- [Source data]:

○ ○ ○ ○

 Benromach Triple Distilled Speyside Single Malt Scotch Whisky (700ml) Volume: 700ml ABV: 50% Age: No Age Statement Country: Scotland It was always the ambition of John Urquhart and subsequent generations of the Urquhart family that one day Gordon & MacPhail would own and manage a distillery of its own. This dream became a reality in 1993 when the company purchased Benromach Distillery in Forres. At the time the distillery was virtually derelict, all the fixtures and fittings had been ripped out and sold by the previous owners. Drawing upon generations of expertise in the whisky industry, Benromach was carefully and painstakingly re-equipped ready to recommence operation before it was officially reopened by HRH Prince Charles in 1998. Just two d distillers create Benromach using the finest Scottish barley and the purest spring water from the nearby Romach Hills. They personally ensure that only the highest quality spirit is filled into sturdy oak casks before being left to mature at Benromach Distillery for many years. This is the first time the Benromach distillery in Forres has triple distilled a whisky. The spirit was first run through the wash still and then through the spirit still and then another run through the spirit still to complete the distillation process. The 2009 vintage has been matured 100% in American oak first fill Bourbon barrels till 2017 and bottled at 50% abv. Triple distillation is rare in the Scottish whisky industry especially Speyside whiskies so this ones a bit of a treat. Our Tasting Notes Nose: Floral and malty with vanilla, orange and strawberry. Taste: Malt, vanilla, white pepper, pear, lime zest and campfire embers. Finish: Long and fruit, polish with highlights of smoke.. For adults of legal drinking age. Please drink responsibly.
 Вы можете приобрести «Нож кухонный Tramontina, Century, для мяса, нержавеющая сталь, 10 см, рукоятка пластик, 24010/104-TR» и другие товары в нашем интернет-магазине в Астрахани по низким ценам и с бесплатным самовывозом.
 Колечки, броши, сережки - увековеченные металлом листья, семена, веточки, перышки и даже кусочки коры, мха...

○ ○ ○ ○

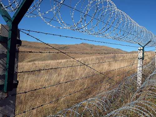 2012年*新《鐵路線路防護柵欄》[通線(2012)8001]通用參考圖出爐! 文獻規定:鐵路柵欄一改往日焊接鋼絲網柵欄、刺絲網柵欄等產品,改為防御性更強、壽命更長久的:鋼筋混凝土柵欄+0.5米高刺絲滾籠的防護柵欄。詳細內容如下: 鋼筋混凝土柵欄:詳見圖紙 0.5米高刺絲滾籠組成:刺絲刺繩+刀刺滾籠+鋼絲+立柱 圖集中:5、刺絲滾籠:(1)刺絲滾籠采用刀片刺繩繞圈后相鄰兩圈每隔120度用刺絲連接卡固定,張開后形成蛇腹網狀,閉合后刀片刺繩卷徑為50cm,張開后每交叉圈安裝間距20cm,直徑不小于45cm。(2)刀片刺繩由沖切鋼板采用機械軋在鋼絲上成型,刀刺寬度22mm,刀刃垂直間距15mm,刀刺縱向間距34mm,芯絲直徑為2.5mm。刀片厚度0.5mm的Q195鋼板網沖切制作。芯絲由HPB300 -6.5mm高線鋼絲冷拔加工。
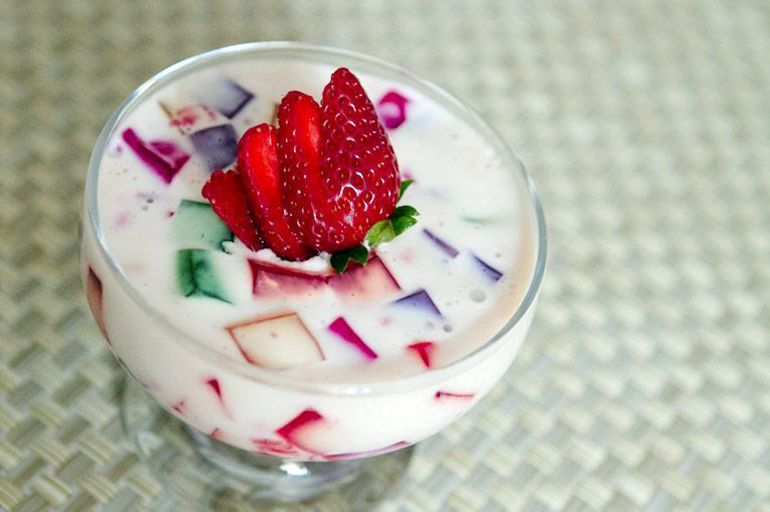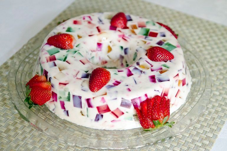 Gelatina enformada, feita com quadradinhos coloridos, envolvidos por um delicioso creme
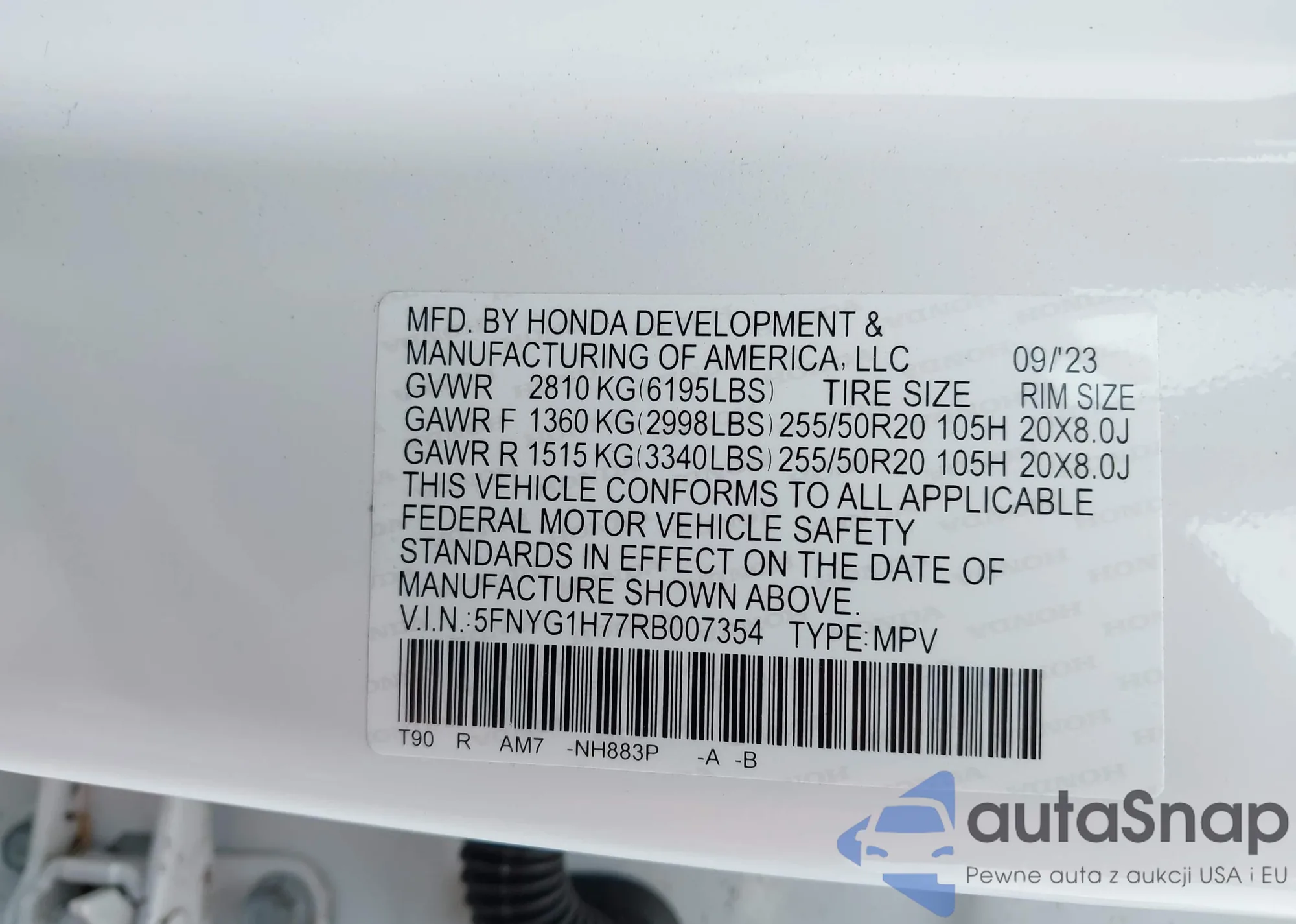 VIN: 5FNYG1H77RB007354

○ ○ ○ ○

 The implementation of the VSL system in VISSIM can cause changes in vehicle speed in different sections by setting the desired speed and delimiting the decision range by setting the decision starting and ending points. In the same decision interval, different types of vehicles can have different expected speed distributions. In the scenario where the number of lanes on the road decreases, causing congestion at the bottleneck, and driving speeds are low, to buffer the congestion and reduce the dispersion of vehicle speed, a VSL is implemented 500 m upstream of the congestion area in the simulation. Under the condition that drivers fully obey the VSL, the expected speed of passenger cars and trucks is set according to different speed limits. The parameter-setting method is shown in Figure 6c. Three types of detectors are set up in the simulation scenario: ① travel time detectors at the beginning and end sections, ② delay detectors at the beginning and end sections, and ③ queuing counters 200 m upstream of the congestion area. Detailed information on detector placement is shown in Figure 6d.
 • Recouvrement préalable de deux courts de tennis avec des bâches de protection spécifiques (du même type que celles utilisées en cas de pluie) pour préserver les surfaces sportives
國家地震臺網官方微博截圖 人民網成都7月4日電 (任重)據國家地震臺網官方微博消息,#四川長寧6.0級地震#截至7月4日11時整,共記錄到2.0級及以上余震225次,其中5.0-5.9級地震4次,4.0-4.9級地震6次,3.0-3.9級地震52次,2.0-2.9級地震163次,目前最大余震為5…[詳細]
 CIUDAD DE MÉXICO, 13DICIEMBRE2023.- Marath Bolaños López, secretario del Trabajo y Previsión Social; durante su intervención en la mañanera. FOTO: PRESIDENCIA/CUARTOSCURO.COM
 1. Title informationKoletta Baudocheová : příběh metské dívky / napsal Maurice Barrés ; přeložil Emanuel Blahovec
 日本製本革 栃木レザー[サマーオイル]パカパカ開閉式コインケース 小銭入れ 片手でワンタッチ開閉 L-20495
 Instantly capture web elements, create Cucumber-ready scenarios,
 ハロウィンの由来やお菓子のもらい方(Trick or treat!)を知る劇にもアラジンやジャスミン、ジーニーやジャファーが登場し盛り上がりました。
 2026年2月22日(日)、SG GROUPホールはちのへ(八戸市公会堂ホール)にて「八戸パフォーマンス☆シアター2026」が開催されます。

○ ○ ○ ○

- [Description of the task]:
Set down precisely the lines above between the line holding "日本製本革 栃木レザー[サマーオイル]パカパカ開閉式コインケース 小銭入れ" and the line holding "2026年2月22日(日)、", inclusive, and nothing beyond them.

- [Answer below]:
 日本製本革 栃木レザー[サマーオイル]パカパカ開閉式コインケース 小銭入れ 片手でワンタッチ開閉 L-20495
 Instantly capture web elements, create Cucumber-ready scenarios,
 ハロウィンの由来やお菓子のもらい方(Trick or treat!)を知る劇にもアラジンやジャスミン、ジーニーやジャファーが登場し盛り上がりました。
 2026年2月22日(日)、SG GROUPホールはちのへ(八戸市公会堂ホール)にて「八戸パフォーマンス☆シアター2026」が開催されます。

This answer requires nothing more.